***** Supplied data

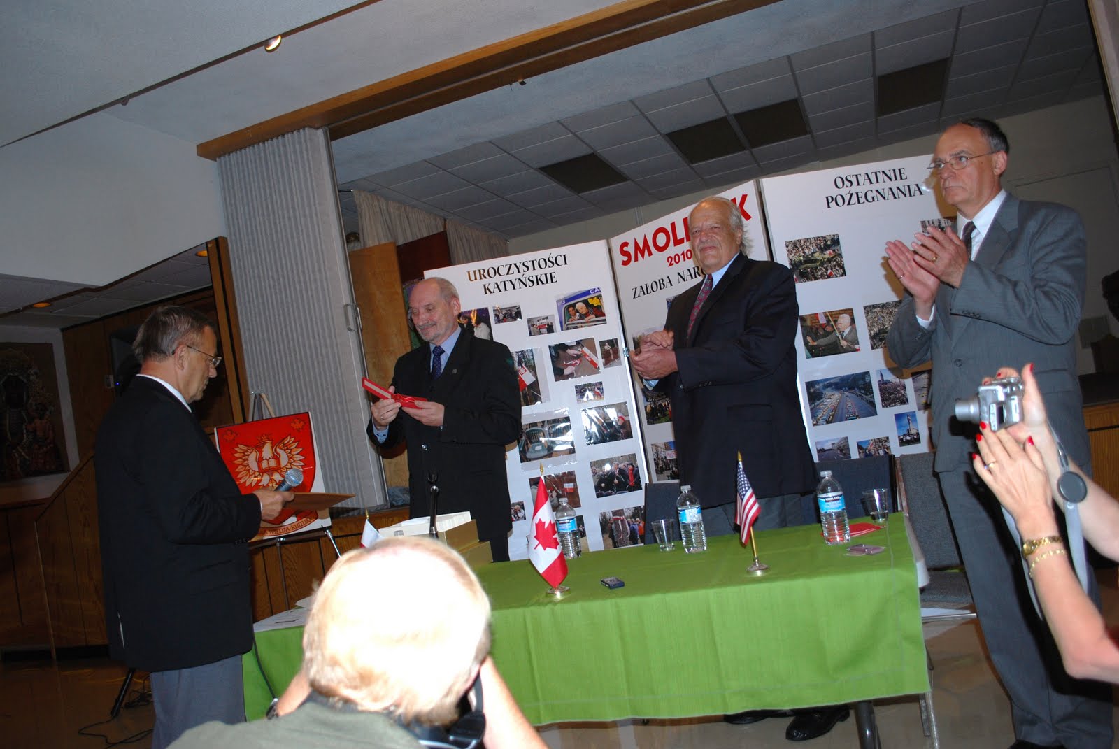 „Pan Macierewicz goszcząc u nas w Ottawie ,w niedziele otrzymał od naszej organizacji -Związku Byłych Żołnierzy Solidarnosci w dowód uznania odznakę Orla Złotego .Za zasługi w sprawie wyjaśnienia zbrodni Katyn2.No i oczywiście za walkie z komuna.gs”
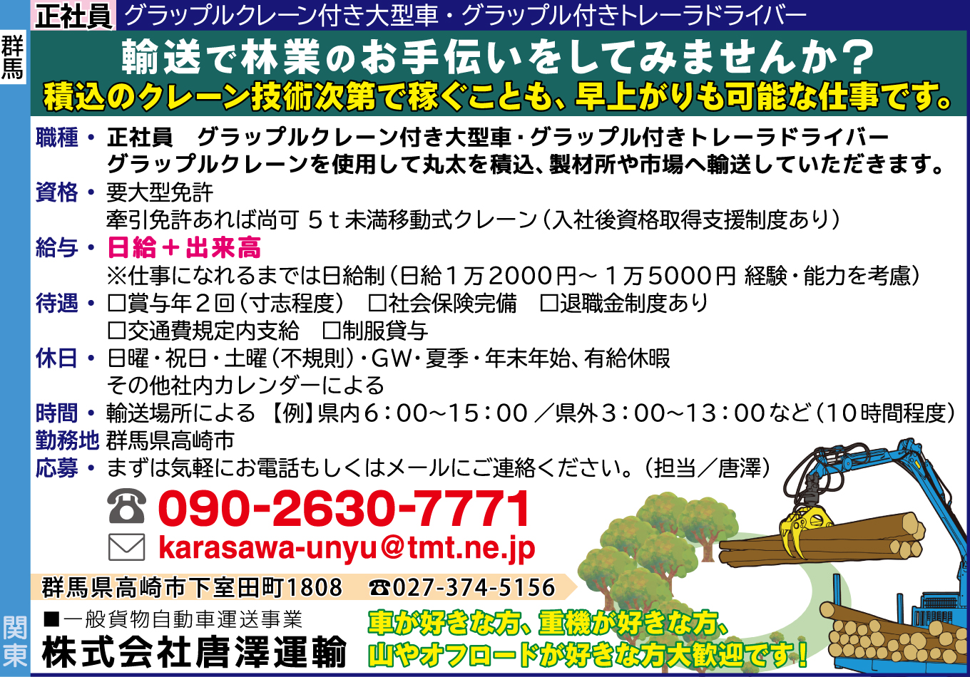 正社員 グラップルクレーン付き大型車・グラップル付きトレーラドライバー
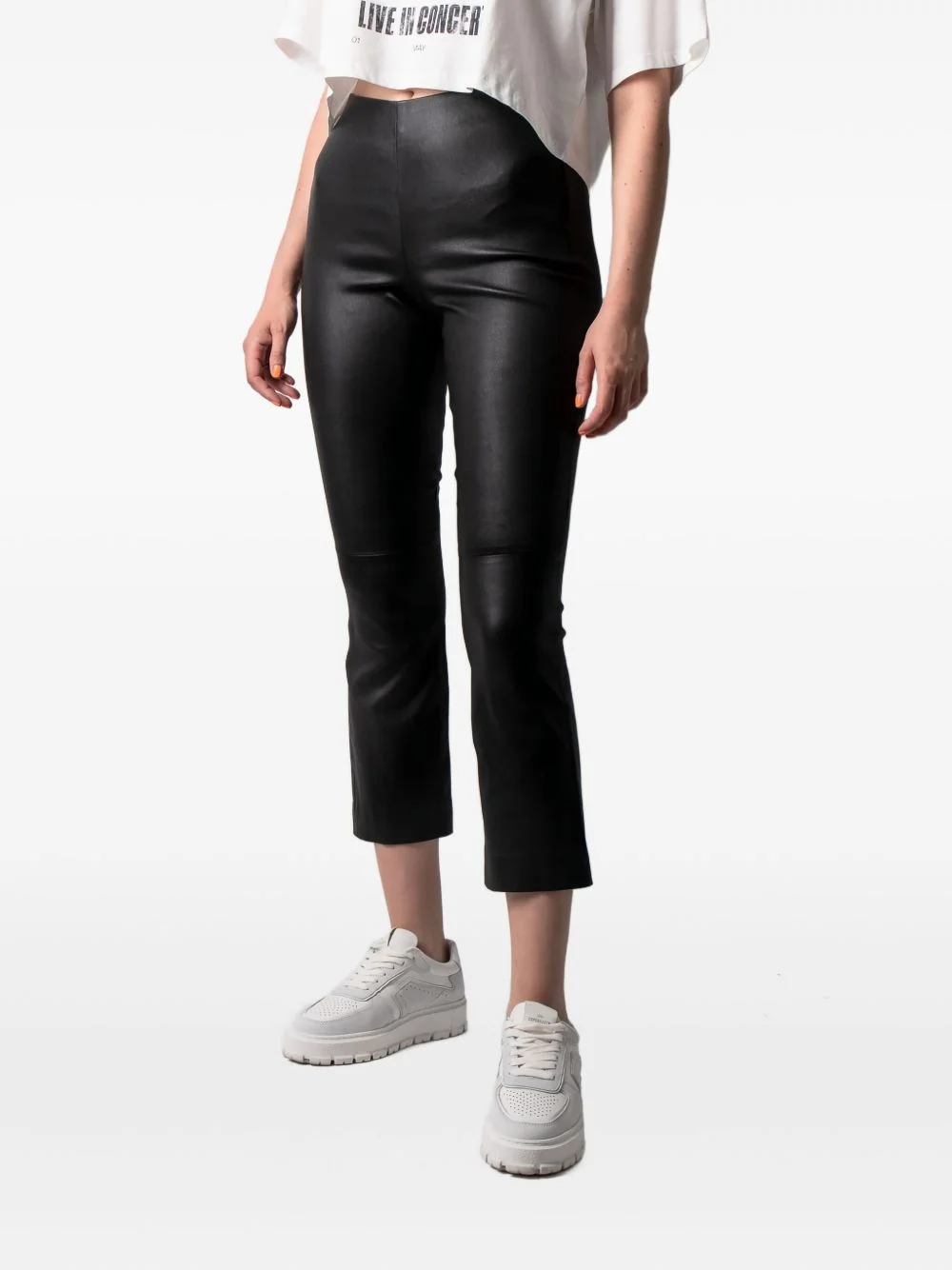 leather flared trousers
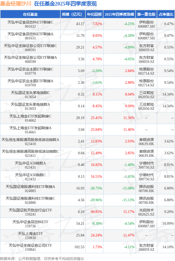 证券之星消息,日前天弘中证全指证券公司ETF基金公布四季报,2025年四季度最新规模102.53亿元,季度净值涨幅为-4.11%。
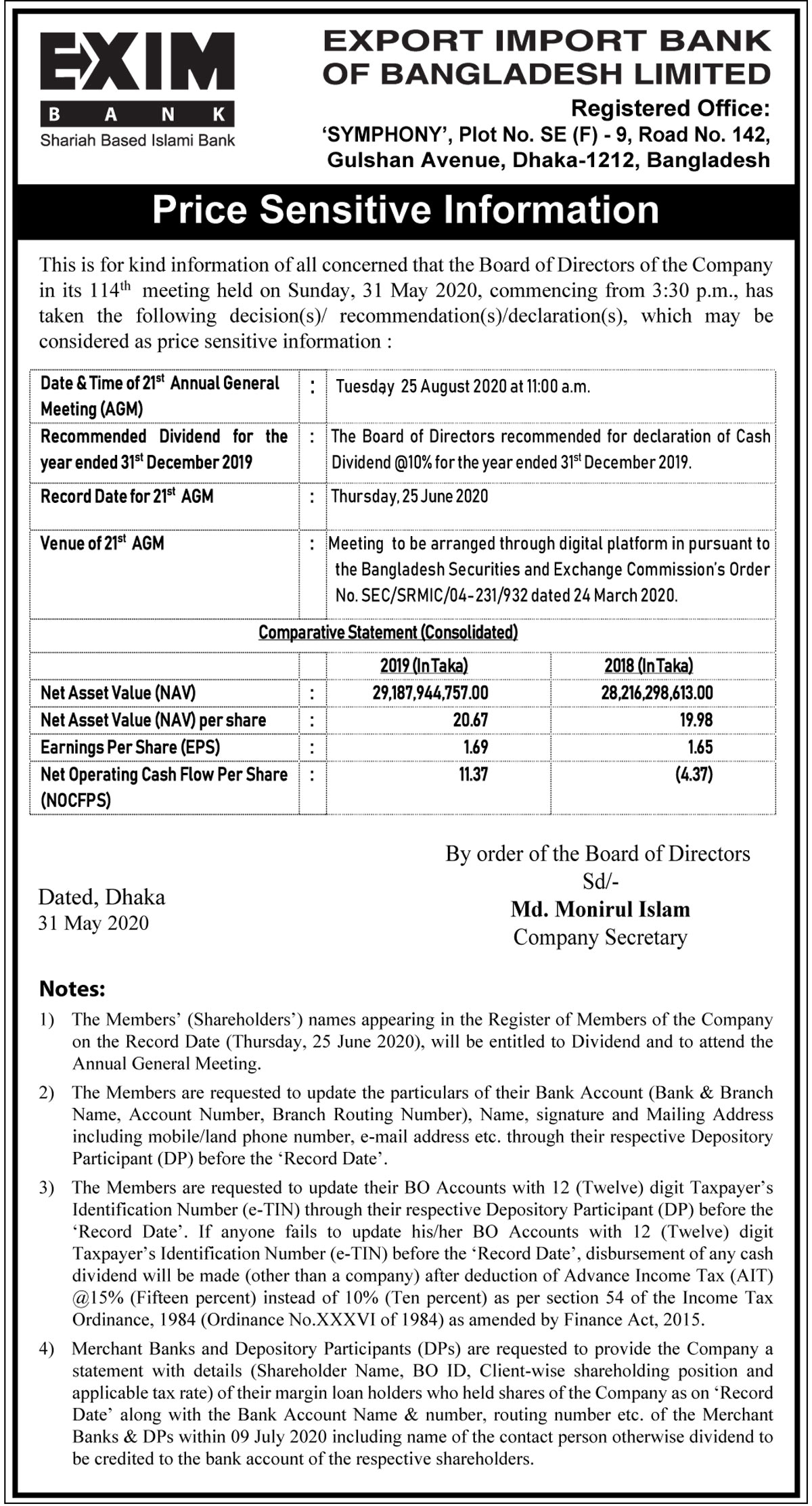 Notice of the 25th AGM of EXIM Bank
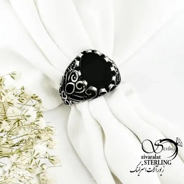 انگشتر نقره 925 عیار ترک با سنگ عقیق مشکی کد 20231
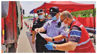 圖⑥ 民警在隴海路西路高速公路站口檢查司乘人員的核酸檢測證明。
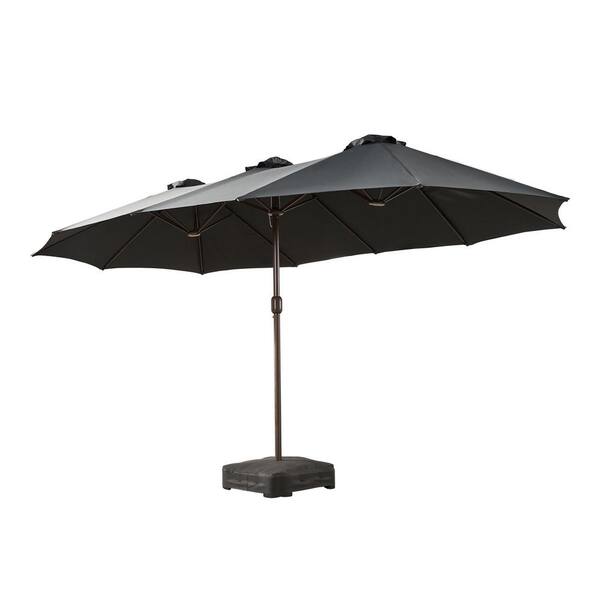 15 ft. x 9 ft. Rectangular Metal Double-sided Market Patio Umbrella with Base and Crank in Dark Gray
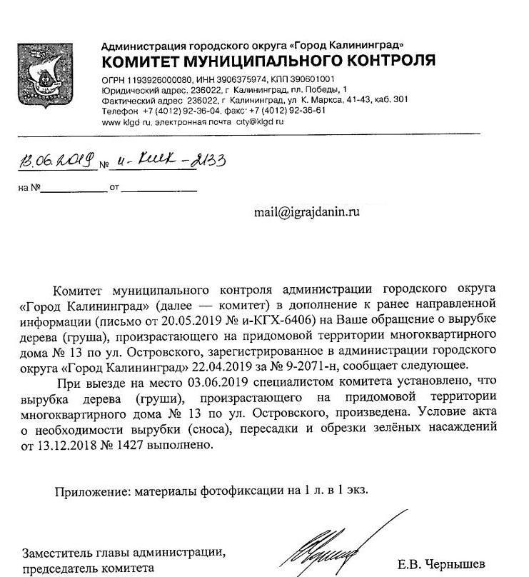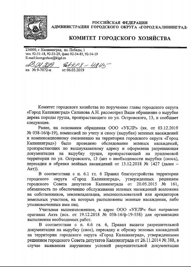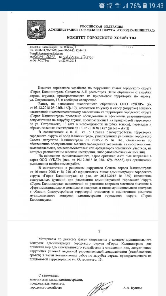 айГражданинОтправлено 19.04.2019: "Администрация городского округа Калининград"
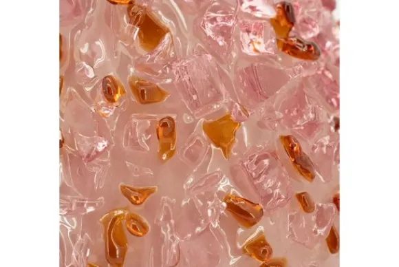 De zachte roze tint wordt verrijkt met ruwe, kristalachtige details in warme amber- en rosétinten. Dit zorgt voor een bijzondere textuur en een fascinerend lichtspel. Door het ambachtelijke proces kunnen dikte, kleur en onregelmatigheden variëren, wat bijdraagt aan de unieke charme van de vaas.

**********

# Task description
Leave out the images and copy all remaining data word for word.

# Finished exercise
 „Pan Macierewicz goszcząc u nas w Ottawie ,w niedziele otrzymał od naszej organizacji -Związku Byłych Żołnierzy Solidarnosci w dowód uznania odznakę Orla Złotego .Za zasługi w sprawie wyjaśnienia zbrodni Katyn2.No i oczywiście za walkie z komuna.gs”
 正社員 グラップルクレーン付き大型車・グラップル付きトレーラドライバー
 leather flared trousers
 证券之星消息,日前天弘中证全指证券公司ETF基金公布四季报,2025年四季度最新规模102.53亿元,季度净值涨幅为-4.11%。
 Notice of the 25th AGM of EXIM Bank
 انگشتر نقره 925 عیار ترک با سنگ عقیق مشکی کد 20231
 圖⑥ 民警在隴海路西路高速公路站口檢查司乘人員的核酸檢測證明。
 15 ft. x 9 ft. Rectangular Metal Double-sided Market Patio Umbrella with Base and Crank in Dark Gray
 айГражданинОтправлено 19.04.2019: "Администрация городского округа Калининград"
 De zachte roze tint wordt verrijkt met ruwe, kristalachtige details in warme amber- en rosétinten. Dit zorgt voor een bijzondere textuur en een fascinerend lichtspel. Door het ambachtelijke proces kunnen dikte, kleur en onregelmatigheden variëren, wat bijdraagt aan de unieke charme van de vaas.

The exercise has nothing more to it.